#### Work item:
Leaving pictures aside, set down each line exactly, from the first line of the data to the line with "Męskie krótkie spodenki", both included.

#### Items from a dataset:

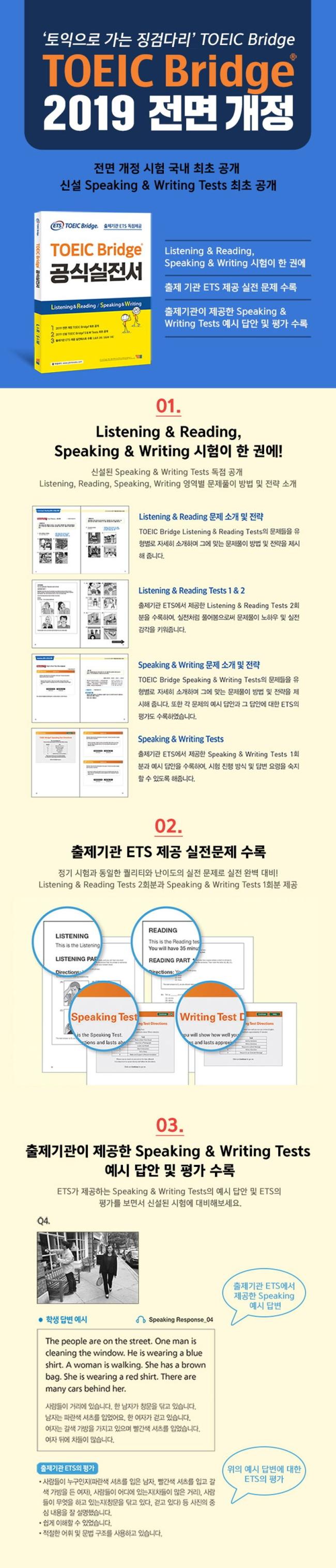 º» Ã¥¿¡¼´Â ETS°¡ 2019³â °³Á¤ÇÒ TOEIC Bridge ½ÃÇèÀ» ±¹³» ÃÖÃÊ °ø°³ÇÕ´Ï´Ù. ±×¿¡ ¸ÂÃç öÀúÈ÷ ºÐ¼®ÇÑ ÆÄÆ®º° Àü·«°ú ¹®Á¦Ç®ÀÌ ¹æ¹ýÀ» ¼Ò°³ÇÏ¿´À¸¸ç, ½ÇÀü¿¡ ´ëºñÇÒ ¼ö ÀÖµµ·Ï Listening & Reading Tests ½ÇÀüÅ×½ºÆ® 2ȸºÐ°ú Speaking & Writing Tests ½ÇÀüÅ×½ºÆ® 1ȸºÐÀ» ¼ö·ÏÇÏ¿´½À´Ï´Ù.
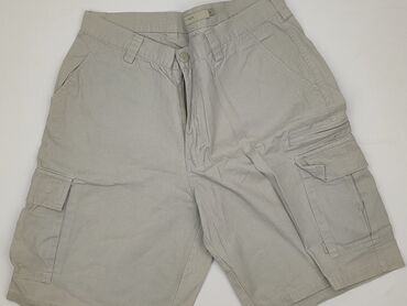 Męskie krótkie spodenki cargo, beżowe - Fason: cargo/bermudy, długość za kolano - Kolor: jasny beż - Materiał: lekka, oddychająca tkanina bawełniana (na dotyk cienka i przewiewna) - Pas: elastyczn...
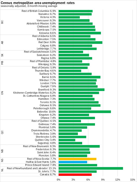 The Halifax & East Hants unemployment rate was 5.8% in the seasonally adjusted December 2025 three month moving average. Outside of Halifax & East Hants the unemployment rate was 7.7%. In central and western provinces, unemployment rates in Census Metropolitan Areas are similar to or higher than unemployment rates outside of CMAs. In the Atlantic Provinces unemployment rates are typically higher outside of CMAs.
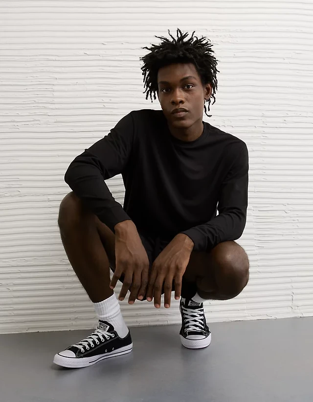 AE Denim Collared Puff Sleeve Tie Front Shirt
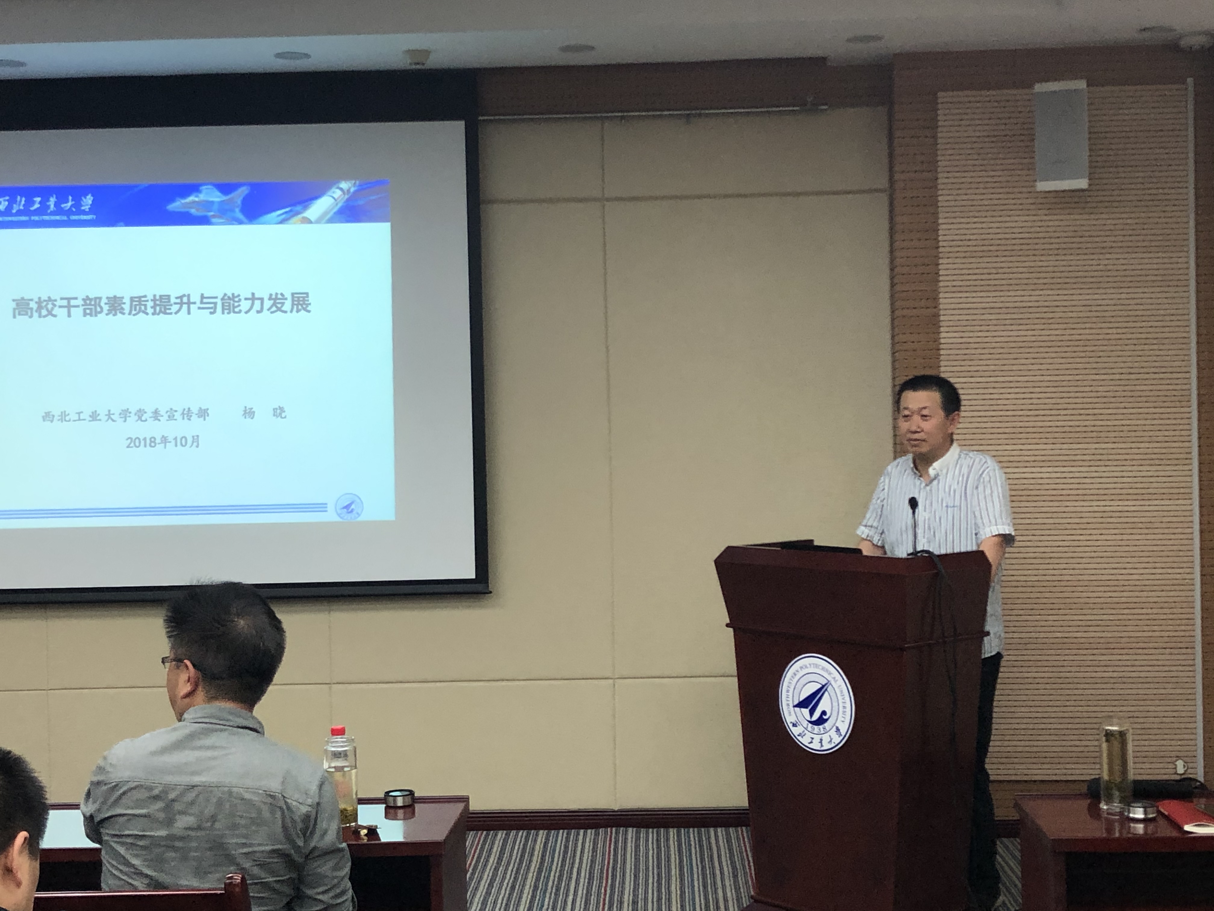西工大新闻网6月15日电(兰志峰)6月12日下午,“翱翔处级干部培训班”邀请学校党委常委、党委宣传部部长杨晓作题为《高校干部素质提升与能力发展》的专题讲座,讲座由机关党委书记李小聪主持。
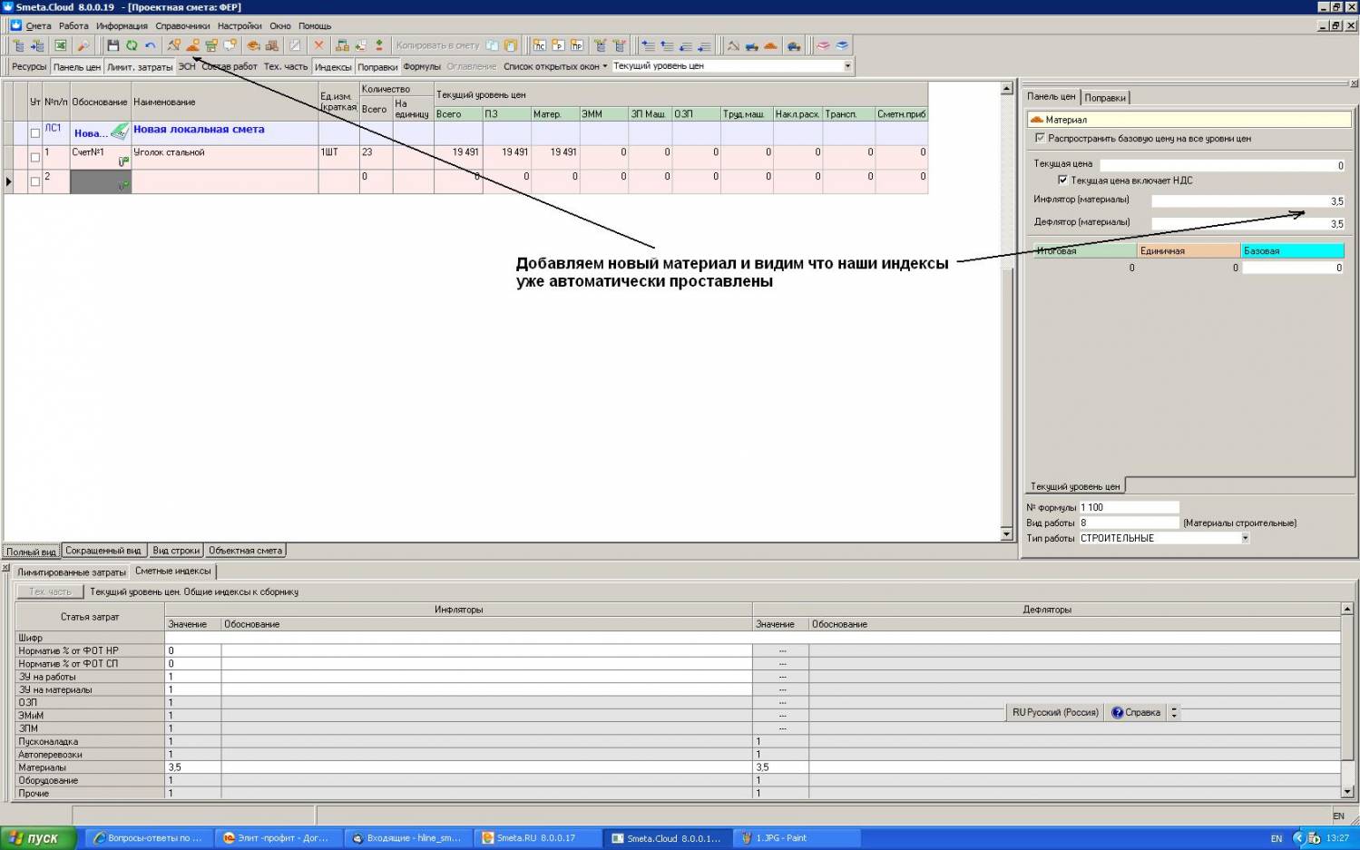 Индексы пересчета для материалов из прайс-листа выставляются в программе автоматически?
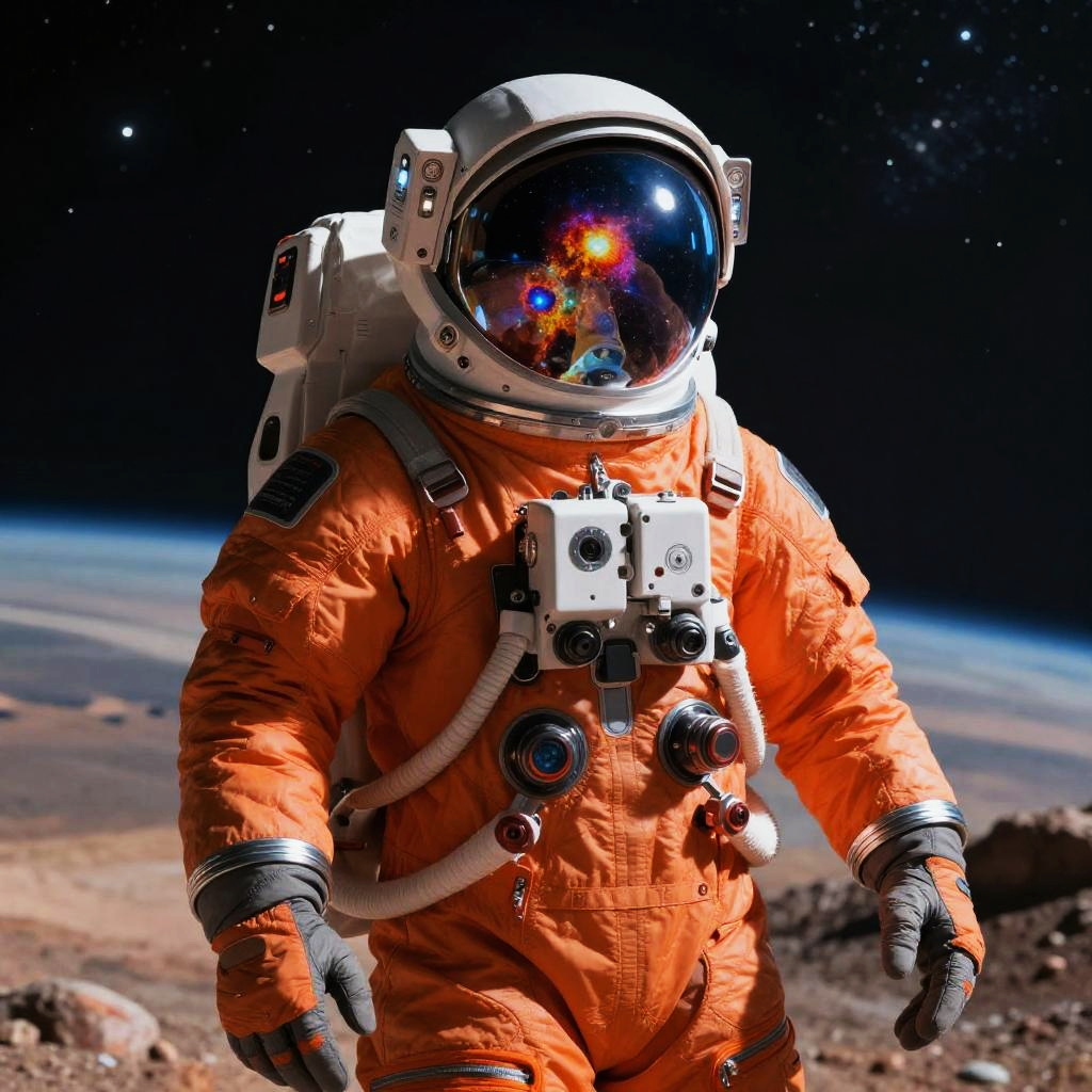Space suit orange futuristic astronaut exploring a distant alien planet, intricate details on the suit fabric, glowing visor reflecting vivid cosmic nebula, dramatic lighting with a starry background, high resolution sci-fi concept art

#### Response to the task:
 º» Ã¥¿¡¼´Â ETS°¡ 2019³â °³Á¤ÇÒ TOEIC Bridge ½ÃÇèÀ» ±¹³» ÃÖÃÊ °ø°³ÇÕ´Ï´Ù. ±×¿¡ ¸ÂÃç öÀúÈ÷ ºÐ¼®ÇÑ ÆÄÆ®º° Àü·«°ú ¹®Á¦Ç®ÀÌ ¹æ¹ýÀ» ¼Ò°³ÇÏ¿´À¸¸ç, ½ÇÀü¿¡ ´ëºñÇÒ ¼ö ÀÖµµ·Ï Listening & Reading Tests ½ÇÀüÅ×½ºÆ® 2ȸºÐ°ú Speaking & Writing Tests ½ÇÀüÅ×½ºÆ® 1ȸºÐÀ» ¼ö·ÏÇÏ¿´½À´Ï´Ù.
 Męskie krótkie spodenki cargo, beżowe - Fason: cargo/bermudy, długość za kolano - Kolor: jasny beż - Materiał: lekka, oddychająca tkanina bawełniana (na dotyk cienka i przewiewna) - Pas: elastyczn...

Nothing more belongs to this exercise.